Scientific exploratory data analysis

This skill guides defensive, human-led exploratory data analysis on scientific data. The agent does not open files and dump code; it captures problem context first, helps narrow to a single first step, takes instruction from the user, and asks "why?" before executing when the user requests a specific plot or table.

Usage

Use this skill when the user provides one or more data files (CSV, FASTA, or other scientific formats) and wants to explore or analyze them. Start by capturing context—do not load or plot data until the problem (biological, chemical, or data-science question) is clearly stated and the agent is aligned as a guided assistant.

Requirements

  • uv for running Python scripts: every script uses PEP723 inline script metadata and is run with uv run script.py. Do not run ad-hoc Python or raw interpreters; each script declares and manages its own dependencies.
  • Ability to read the relevant data formats (pandas, BioPython, etc.) via dependencies declared in the script block.

What It Does

  1. Context first – Capture and record the problem context (what question, what domain) before touching the data.
  2. Single first step – Help the user narrow to one first plot or one first summary (not a barrage of code or plots).
  3. Human-guided execution – Take instruction on what to do next; when the user says "make this plot" or "give me that table," ask why before doing it, then execute.
  4. Session layout – Each analysis is a session: one folder under analysis/ with a descriptive name and start date/time, containing journal.md, plots/, and scripts/.
  5. Journal – Append-only journal.md per session: record data shape (columns, rows, structure), what was done, and findings.
  6. Scripts and plots – Throwaway scripts in scripts/ (PEP723, uv run); plots saved as WebP (not PNG) for small file size; all under the session folder.
  7. Suggest next step – After each action, suggest the most logical next step and let the user decide.

How It Works

Phase 1: Capture context (before touching data)

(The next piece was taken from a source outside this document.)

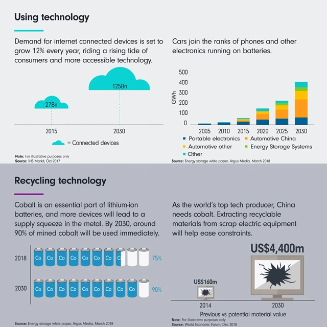 Kobalt je zásadní součástí lithiových baterií, takže rostoucí počet zařízení s těmito články povede k tlaku na vyšší spotřebu kobaltu. Okolo roku 2030 bude okolo 90 % vytěženého kobaltu okamžitě použito. Čína je světový producent technologií a kobalt bude potřebovat. Limity na straně nabídky může pomoci zjemňovat recyklace.

  • Do not open the data file and start coding or plotting.
  • Ask for or confirm: the problem context—biological, chemical, or data-science question; what the user hopes to learn or decide; and any constraints (e.g. specific variables, subsets).
  • Record this in the session’s journal.md (see Phase 3). Only after context is recorded and agreed, proceed to inspect data shape and plan the first step.

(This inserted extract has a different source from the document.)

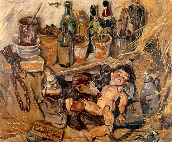 Thomas Grochowiak Stilleben mit Puppe (Die Ausgebooteten)1946, Öl auf Hartfaser, 65 x 80 cm © Thomas Grochowiak

Phase 2: Start a data analysis session

  • Create one session folder under analysis/ (or a project-agreed base). Name it descriptive + ISO datetime at session start, e.g. analysis/2025-02-05T14-30-00-protein-binding/.
  • Canonical layout for each session folder:
    • journal.md – append-only running journal for this session
    • plots/ – all figures (WebP only for matplotlib)
    • scripts/ – disposable scripts that load data, summarize, or make plots
  • Session folder name must include date/time and a short descriptive slug so sessions are sortable and identifiable. See references/session-structure.md for the canonical tree.

Phase 3: Journal (append-only, per session)

  • Before each substantive action, read the session’s journal.md.
  • Record in the journal:
    • Data shape: after loading or inspecting the data, jot columns (and types if relevant), row count, and any structure (e.g. multi-index, FASTA count, key fields). Do this as soon as shape is known and after any major data step.
    • What was done (which script, which plot, which summary)
    • Findings, surprises, and follow-up ideas
  • Use a timestamp per entry (e.g. ISO or compact YYYY-MM-DD HH:MM).
  • Tags like [SHAPE], [PLOT], [FINDING], [NEXT] keep the journal scannable. The journal is the session’s memory; use it to suggest the next step.

Phase 4: Understand shape, then one first step

  • Shape of the data: Before proposing or making plots, ensure the agent (and user) knows: what columns/fields exist, how many rows/records, and any critical structure. Record this in journal.md under a [SHAPE] entry.
  • Single first plot (or table): Help the user choose one first visualization or summary (e.g. one distribution, one overview table). Do not generate many plots at once; get alignment on that single step, then execute.

Phase 5: Human-guided execution and "ask why"

  • Take instruction: The user may ask for a specific plot, table, or filter. Execute only after clarity.
  • Ask why before doing: When the user says "make this plot" or "give me that table," briefly ask why (e.g. what decision or question it supports). Then run the script and record the outcome in the journal.
  • After each action: Suggest the most logical next step (one step), and let the user confirm or redirect. Do not auto-execute a long pipeline.

Phase 6: Scripts (disposable, PEP723, uv run)

  • All Python used for this EDA lives in scripts under the session’s scripts/ folder.
  • Every script has PEP723 inline script metadata at the top (# /// script, requires-python, dependencies, # ///). Run with uv run script.py (or uv run scripts/script_name.py with CWD = session folder). Do not run raw python or paste code in a REPL; the script is the unit of execution and owns its environment.
  • Scripts are throwaway: they are for this session’s plots and summaries, not production. Paths in scripts are relative to the session folder (e.g. ../data/file.csv or as agreed).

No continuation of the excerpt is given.